The Star-Crossed Sisters of Tuscany is Target fiction. I enjoyed it and I think lots of other readers will love it. It just didn’t quite sparkle for me.

(This is book #8 of my Summer Reading Challenge.)


Book Review: Summer Days and Summer Nights: 12 Love Stories edited by Stephanie Perkins

I thought about what time is, how we’re being broken every second, we’re losing moments all the time leaking them away like a stuffed animal losing its stuffing, until one day they’re all gone and we lose everything. Forever. And then, at the same time, we’re gaining seconds, moment after moment. Every one is a gift, until at the end of our lives we’re sitting on a rich hoard of moments. Rich beyond imagining. Time was both those things at once.

I have a bad habit when I read short story collections: I start them often but very rarely finish them. I always finish at least one story, usually at least three, but I almost never actually read all of the stories in the book. It’s not that I don’t enjoy reading short stories, I do. It’s more that I feel less compelled to keep reading because when the story ends the book itself—the words on the page, the cover and binding—feels finished. Then I get distracted by something else.

Summer daysA little while ago, some article somewhere (I read a lot of articles, essays, and reviews about books) mentioned that Lev Grossman had a fantastic short story that was published in a book called Summer Days and Summer Nights, which is a collection of short stories by young adult writers, each based in summer romances. I was happy to find that my library had already purchased it, and timed my check out of it so I could read it during the down time of my recent foot surgery.

And, I am happy to say: I read all the stories in this collection!

I didn’t love all of them, but I think that’s to be expected since not all of the writers click with my reading style. But I enjoyed all of them, and loved a couple.

Oddly enough, I think what helped me finish all of them (aside from me purposefully making this book only accessible when I was in the bathroom, and when you’re on crutches, the accessible book is the book you’ll read!) was that I started in the middle instead of the beginning.

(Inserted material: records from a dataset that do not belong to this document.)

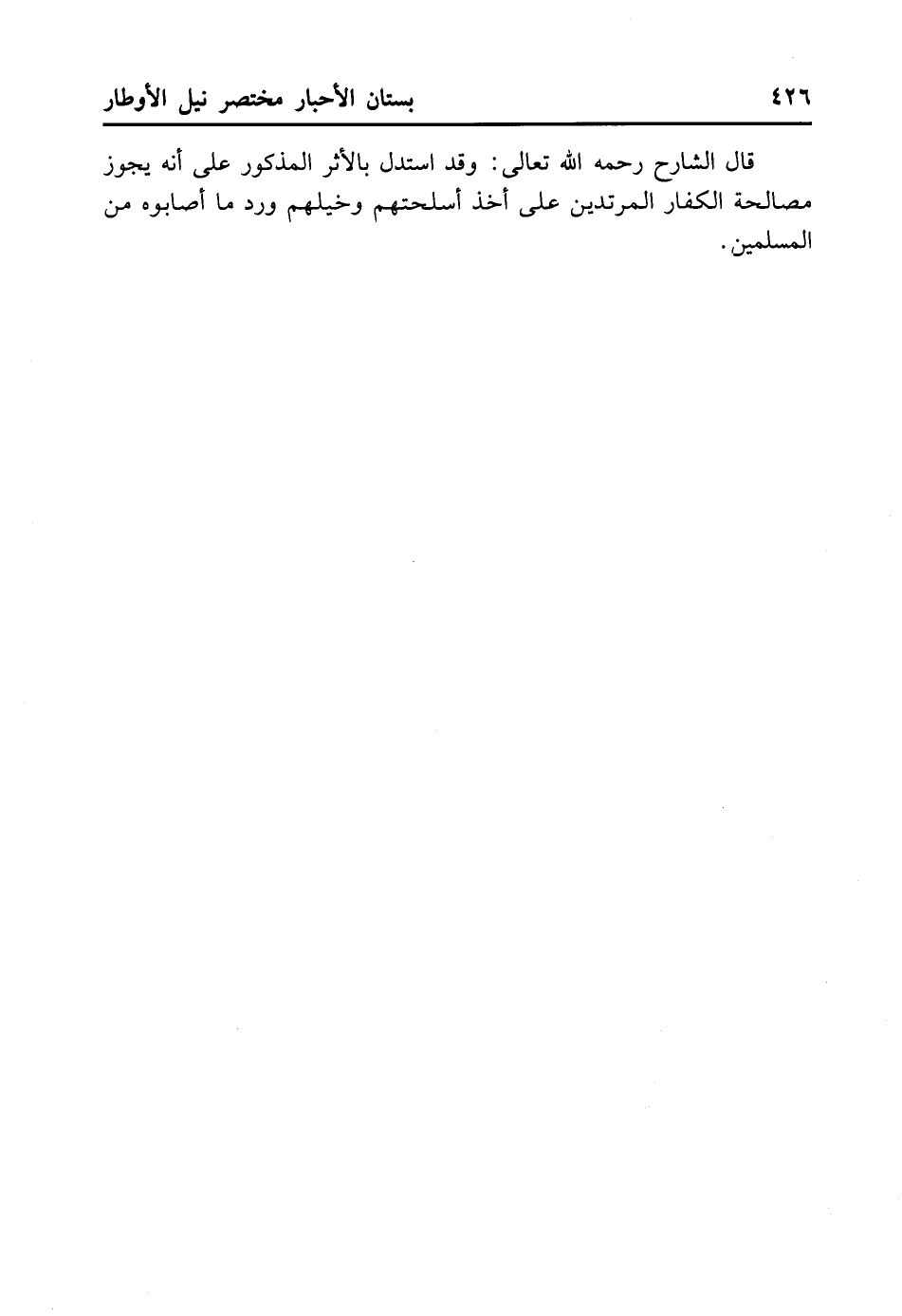 قَالَ الشَّارِحُ رَحِمَهُ اللهُ تَعَالَى: وَقَدْ اُسْتُدِلَّ بِالْأَثَرِ الْمَذْكُورِ عَلَى أَنَّهُ يَجُوزُ مُصَالَحَةُ الْكُفَّارِ الْمُرْتَدِّينَ عَلَى أَخْذِ أَسْلِحَتِهِمْ وَخَيْلِهِمْ، وَرَدِّ مَا أَصَابُوهُ مِنْ الْمُسْلِمِينَ.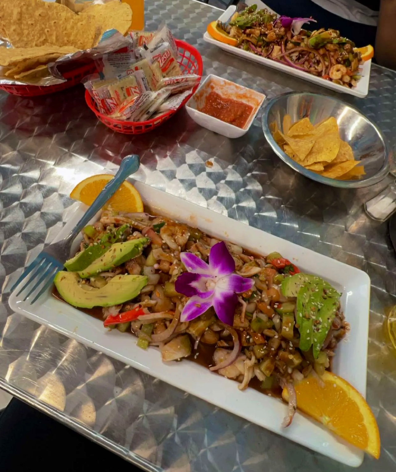 In terms of food, we ordered two entrees—a ceviche and a seafood boil. The ceviche arrived first and unfortunately had a sour taste, suggesting it may not have been fresh. We brought this to the employee’s attention, and while she appeared frustrated, she did offer to replace it. We agreed to pay half since we had already tasted some of it.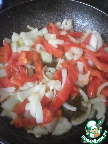 На сковороде разогреть растительное масло и обжаривать лук и перец несколько минут до мягкости.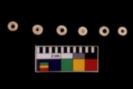 | Description / विवरण | Specimens of disc shaped perforated steatite beads. |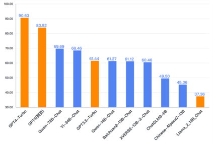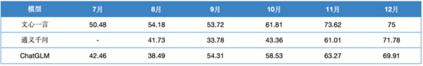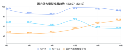 数据来源于SuperCLUE基准得分(7月-12月) 我们可以看到GPT3.5和GPT4在中文上的表现情况基本一致,在11月份测评结果中显示,在中文能力都有一定的下滑,而国内头部模型则展现了继续稳健提升的能力。在12月份的测评结果中可以看到,国内第一梯队模型与GPT4的差距在缩小。但仍有较大的距离需要追赶。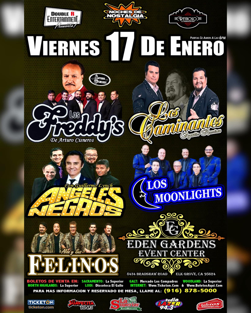 Los Freddy's, Los Caminantes, Angeles Negros, Los Moonlights y Los Felinos - Eden Gardens Event Center - Elk Grove, CA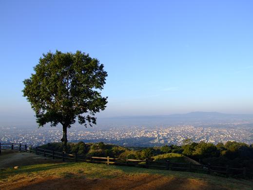 早朝、日が昇りだした頃「奈良奥山ドライブウェー」の展望台から若草山の山頂に登る。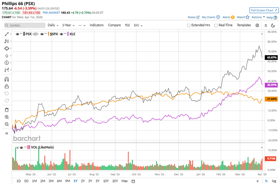 PSX's strong performance is driven by its ability to handle discounted heavy crude amid Middle East tensions, benefiting from lower feedstock costs and higher refined product prices. U.S. refiners like PSX can access cheaper regional crude, boosting margins.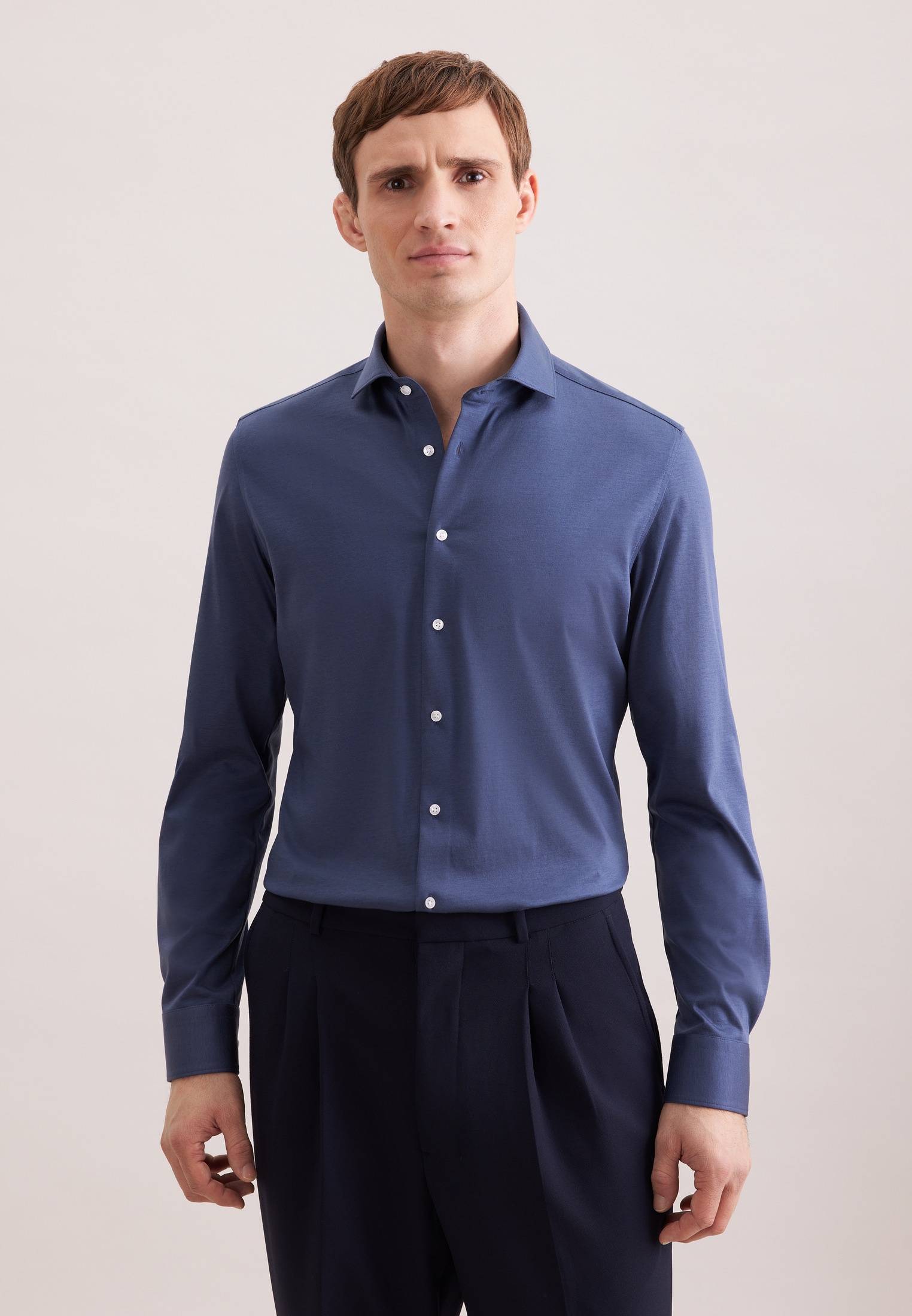 Maskuline Ästhetik: Das 1/1-Jerseyhemd von Seidensticker aus der "SMART PERFORMANCE" Kollektion erweitert Ihre Garderobe um einen hochwertigen Look, der den Geist der Zeit trifft. Es ist ein vielseitiger Klassiker, der sich ideal für Freizeit, Reisen oder Büro eignet und überall überzeugt. Als Slim Fit ist das Jerseyhemd eher schmal und figurbetont. Dieses Hemd verkörpert zeitlose Eleganz mit modernem Schliff. Besonders hervorgehoben wird der universelle Business-Charakter durch einen Kentkragen.

This kind of tricked my mind because physically I was halfway through the book and I nearly never don’t finish a book I get more than halfway through.

My favorite stories in the collection:

“Inertia” by Veronica Roth: set in a sci-fi future where dying patients can have a “Last Visitation” which allows their mind to connect to a loved one’s even after they no longer have a viable way of surviving their injuries or illnesses.

“Sick Pleasure” by Francesca Lia Block: because the romance reminded me a bit of some of my own high school escapades but mostly because the ending turns everything upside down in a way I didn’t expect.

“The Map of Tiny Perfect Things” by Lev Grossman. A reworking of the “groundhog day” trope, which is actually one of my least-favorite things in stories, but this one, about a boy who is inexplicably relieving August 4, does something new I hadn’t anticipated. I’m glad the story that caused me to check out the book in the first place was as good as it was advertised.

Do you like reading short stories?

(This is book #7 of my Summer Reading Challenge.)